• [Recorded data]:
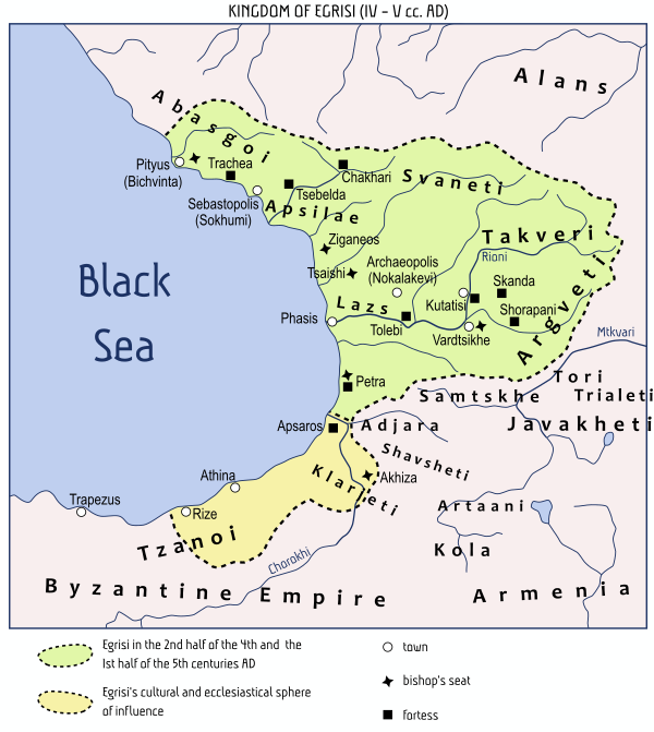В IV и V веках Абасгия была подчинена Лазике[39]. В IV веке христианство уже было распространено в Абхазии, епископ Питиунта принимал участие в Первом Никейском соборе (325 год)[38]. К VI веку Абасгия (между реками Гумиста и Бзыбь со столицей в Анакопии) была подчинена Восточной Римской империи[39]. В первой половине VI века христианство становится официальной религией; строятся христианские храмы, появляется Абазгийская архиепископия в составе Константинопольской патриархии, имевшая кафедру в Себастополисе. В конце VII — начале VIII веков абхазское побережье подвергалось арабским набегам. При Леоне II в конце VIII века Абхазия добилась независимости от Византии. Возникло Абхазское царство, его территория распространялась на всю Западную Грузию. Население царства состояло из абхазов и картвельских племен (грузины), последние согласно З. В. Анчабадзе составляли значительное большинство[40]. Столица первоначально находилась в Анакопии (Новый Афон), а в 806 году переместилась в Кутаиси[38], византийское культурное влияние сменяется грузинским. В VIII веке формируется самостоятельны Абхазский католикосат. В Абхазском царстве существовали многочисленные города, крепости и храмы. Население вело торговлю с соседними государствами, странами Ближнего Востока и Средиземноморья. После пресечения в 975 году местной династии власть перешла к Багратионам, которые смогли объединить различные грузинские царства в единое государство. До XV века Абхазия находилась в составе единого Грузинского царства. Значительными памятниками культуры средневековой Абхазии являются храмы в Бедиа, Илори, Мокви, цитадель Баграта, Келасурская стена, Анакопийская крепость и т. д. В 1240-х годах монголы разделили Грузию на восемь военно-административных секторов, территория современной Абхазии составляла часть Думана, управляемого Цотне Дадиани. Позже Цхуми (Сухуми) служил столицей правителей Мингрелии, именно в этом городе Вамек I (ок. 1384-1396), самый влиятельный Дадиани, чеканил свои монеты.
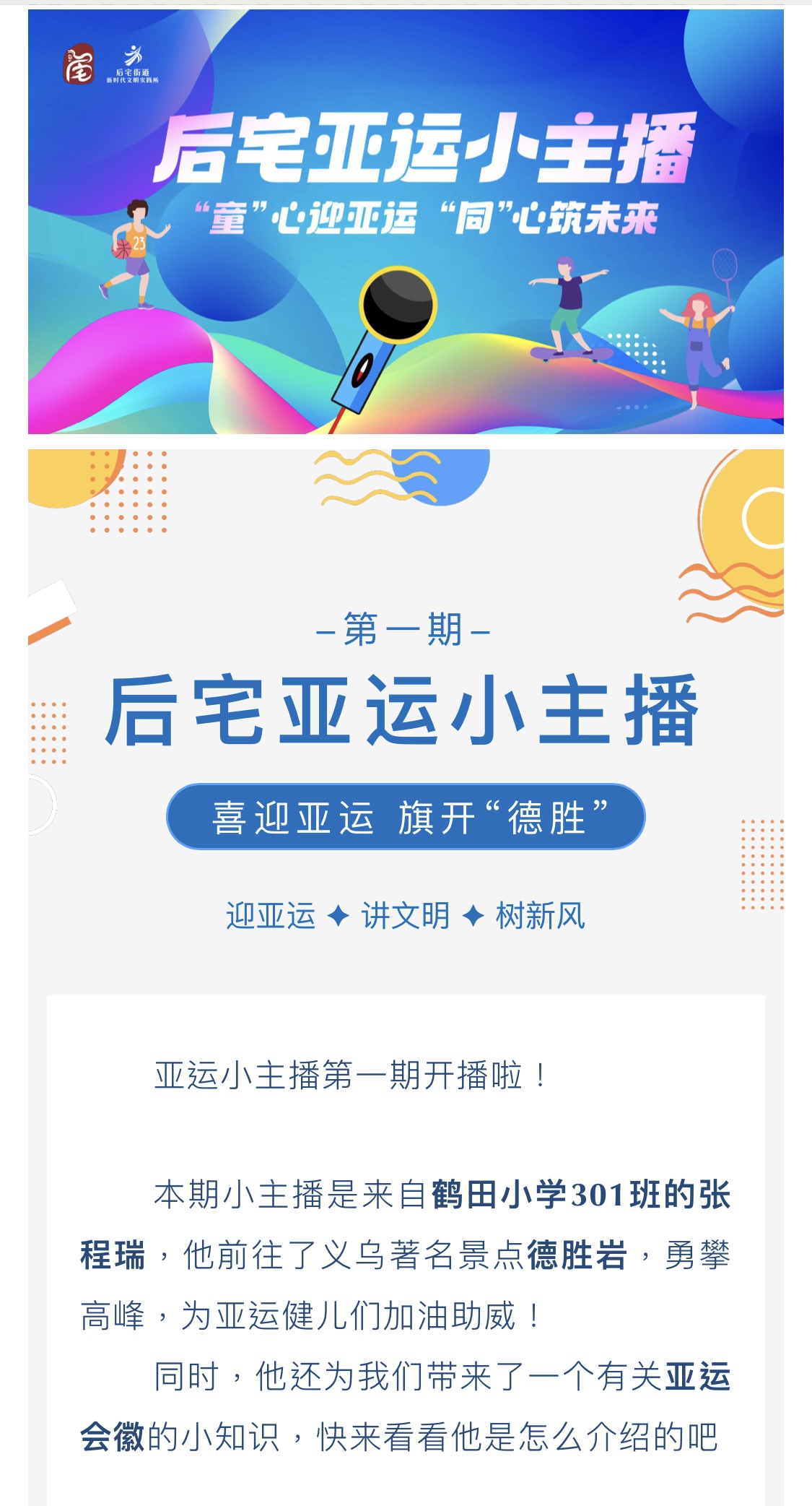 新时代文明实践|后宅亚运小主播第一期 喜迎亚运 旗开“德胜”
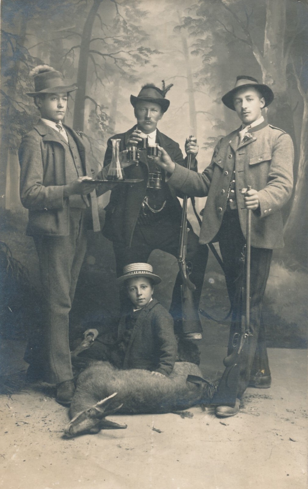 AK Annodazumals von einem Jäger Drio mit Ziegenbock und Flinten (6635)
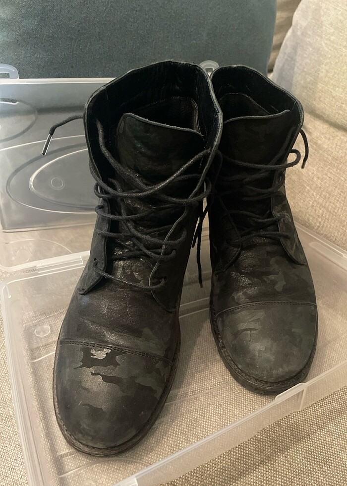Hakiki deridir. Çok zarif bağcıklı bir model. Kamuflajı belli belirsiz ve hafif sedefli gibi. Kusuru yok çok az giyildi

• [What you will do]:
Copy out every line of the data exactly, leaving the images behind.

• [Written response]:
В IV и V веках Абасгия была подчинена Лазике[39]. В IV веке христианство уже было распространено в Абхазии, епископ Питиунта принимал участие в Первом Никейском соборе (325 год)[38]. К VI веку Абасгия (между реками Гумиста и Бзыбь со столицей в Анакопии) была подчинена Восточной Римской империи[39]. В первой половине VI века христианство становится официальной религией; строятся христианские храмы, появляется Абазгийская архиепископия в составе Константинопольской патриархии, имевшая кафедру в Себастополисе. В конце VII — начале VIII веков абхазское побережье подвергалось арабским набегам. При Леоне II в конце VIII века Абхазия добилась независимости от Византии. Возникло Абхазское царство, его территория распространялась на всю Западную Грузию. Население царства состояло из абхазов и картвельских племен (грузины), последние согласно З. В. Анчабадзе составляли значительное большинство[40]. Столица первоначально находилась в Анакопии (Новый Афон), а в 806 году переместилась в Кутаиси[38], византийское культурное влияние сменяется грузинским. В VIII веке формируется самостоятельны Абхазский католикосат. В Абхазском царстве существовали многочисленные города, крепости и храмы. Население вело торговлю с соседними государствами, странами Ближнего Востока и Средиземноморья. После пресечения в 975 году местной династии власть перешла к Багратионам, которые смогли объединить различные грузинские царства в единое государство. До XV века Абхазия находилась в составе единого Грузинского царства. Значительными памятниками культуры средневековой Абхазии являются храмы в Бедиа, Илори, Мокви, цитадель Баграта, Келасурская стена, Анакопийская крепость и т. д. В 1240-х годах монголы разделили Грузию на восемь военно-административных секторов, территория современной Абхазии составляла часть Думана, управляемого Цотне Дадиани. Позже Цхуми (Сухуми) служил столицей правителей Мингрелии, именно в этом городе Вамек I (ок. 1384-1396), самый влиятельный Дадиани, чеканил свои монеты.
 新时代文明实践|后宅亚运小主播第一期 喜迎亚运 旗开“德胜”
 AK Annodazumals von einem Jäger Drio mit Ziegenbock und Flinten (6635)
Hakiki deridir. Çok zarif bağcıklı bir model. Kamuflajı belli belirsiz ve hafif sedefli gibi. Kusuru yok çok az giyildi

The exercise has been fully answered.